Why the filmmaker saved his biggest interviews for last and how he found West Coast hip-hop history at a swap meet.
Allen Hughes - The Defiant Ones - HBO
Allen Hughes
HBO

Sometimes, when you’re documenting history, you still have to make your own moments.

“When the camera’s rolling and when I yell cut, I made sure my team knew, ‘Don’t ever cut until the subject is off the set,'” Hughes said.

Some of the most satisfying moments in the new HBO docuseries, “The Defiant Ones” — an expansive, four-part history of the last four decades of popular music, premiering Sunday night on HBO — are candid ones. Interview subjects occasionally tinker away on a keyboard or wander around a living room. Stevie Nicks plunks out a tune on a baby grand. Eminem strolls right onto set and starts dishing. As Hughes described in a recent interview with IndieWire, those moments were part of the plan from the beginning.

“There’s always a veneer,” Hughes said. “People are being guarded about their image. From early on, I said, ‘Start the cameras rolling before they even get mic’d up, so they’re not even sitting in their chair.’ It was trying to find the real person between the lines.”

Hughes explains that most of these assorted interviews with legendary music acts — including Bruce Springsteen, Bono, Trent Reznor and Tom Petty — happened before the centerpiece chats with the series’ twin subjects: Dr. Dre and Jimmy Iovine. Saving the two big gets for last was specifically by design, based on what Hughes already knew of their personalities.

“The thing that Jimmy and Dre have in common is that they don’t have a rearview mirror. So they don’t ever look back and reflect back on shit that’s hard for them. So to get them to do it, you’re not going to get it from them. You have to go find out, put it together yourself, and then bring it to them,” Hughes said.

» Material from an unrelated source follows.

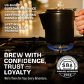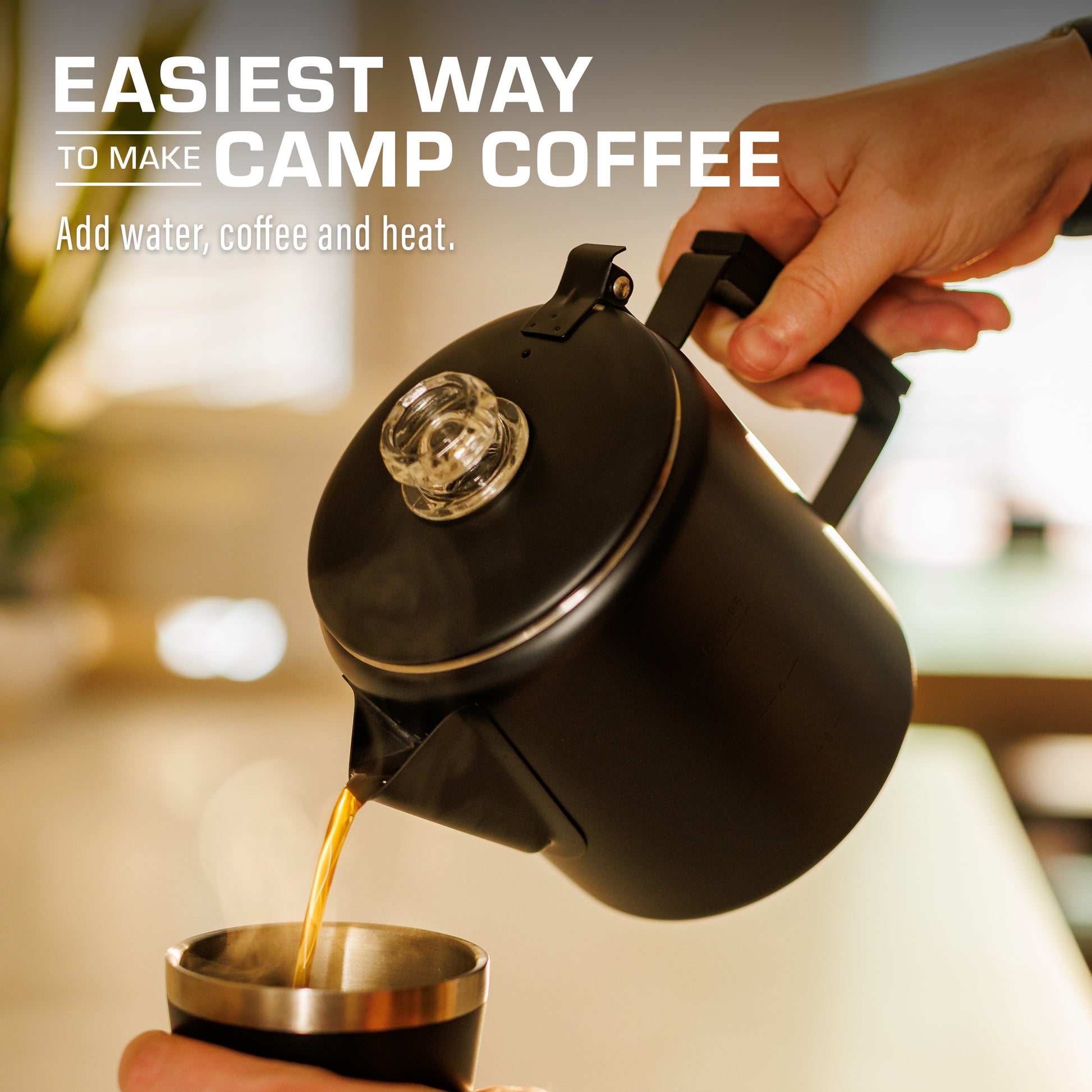 - BUILT TOUGH FOR THE OUTDOORS – The fire crackles, the morning air is crisp, and the smell of fresh coffee drifts through camp. This is how the day begins. Whether you're brewing in the mountains or at home, this stove top coffee maker keeps it simple—water, heat, and time. Designed for adventure, our camping coffee makers guarantee a satisfying, hot brew anywhere. A percolator coffee pot stovetop that works wherever the road takes you.

Another way the “The Defiant Ones” fills in Dr. Dre and Iovine’s histories is through a treasure trove of in-studio gems, footage of music history happening that few people knew even existed. For the series’ chapter on the rise of N.W.A., one particular discovery was the fulfillment of a decades-long mythology that Hughes grew up with. The late Steven Yano, long a keeper of West Coast hip hop history at Compton’s Roadium Swap Meet, had never-before-seen footage of rapper Eazy-E recording his first solo album.

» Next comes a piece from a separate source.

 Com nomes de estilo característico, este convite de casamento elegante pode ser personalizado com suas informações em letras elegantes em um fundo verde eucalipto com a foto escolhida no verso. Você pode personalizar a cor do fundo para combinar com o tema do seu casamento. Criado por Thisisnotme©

READ MORE: ‘The Defiant Ones’ Review: HBO’s Addictive Dr. Dre Documentary is a Tribute to Producers as Much as Music

“I thought that was the most precious footage, to see Eazy-E in the studio. We heard stories coming up: I remember when I was 16, we heard that Eazy was being punched on every line and no one believed it, because he was so incredible. To see that footage of Dre taking him through line by line is just ridiculous, man. And it’s extraordinary because Eazy is such a rock star,” Hughes said.

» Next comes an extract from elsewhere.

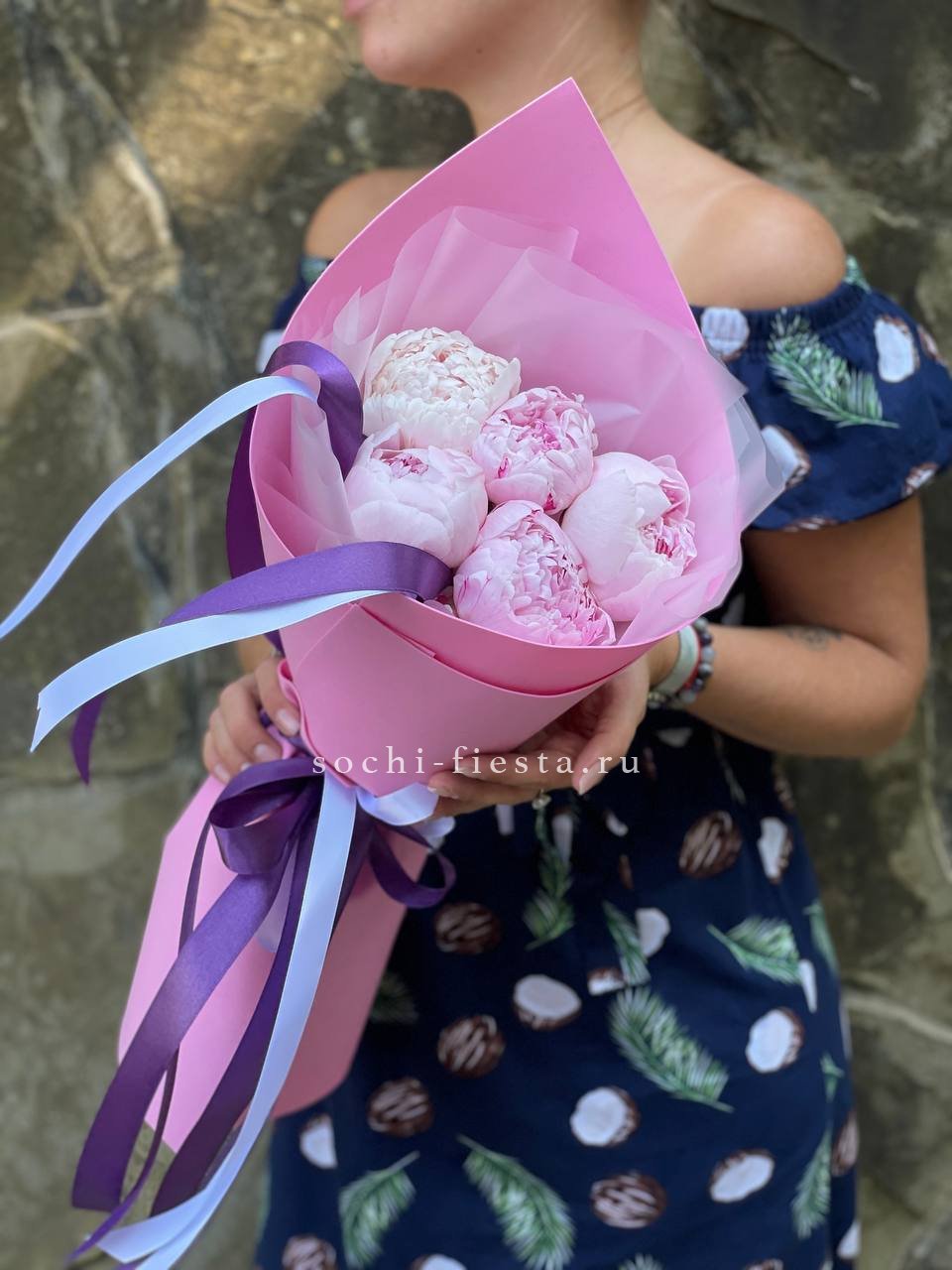 Пионы Сара Бернар в мягкой упаковке из тишью и фоамирана. Бутоны разной степени раскрытия создают живую динамику и объём композиции.

Hughes knows that when you’re a documentarian and your main subjects are Dre and Iovine, you become a rock star yourself. But he also knows that a singer without a band is just a guy in front of a mic.

“Let’s start with Doug Pray, my partner on this and fellow executive producer, co-writer and editor. Our creative brother in this endeavor, who also co-wrote and edited, young gentleman by the name of Lasse Jarvi. These guys are off the charts brilliant, as far as their technique,” Hughes said. “It was like a rock band. We had a great drummer. I was the solo on vocals and Doug was on electric guitar. We’re all three music lovers and we’ve all done docs in that medium before, but never has the technique that was applied here been done before.”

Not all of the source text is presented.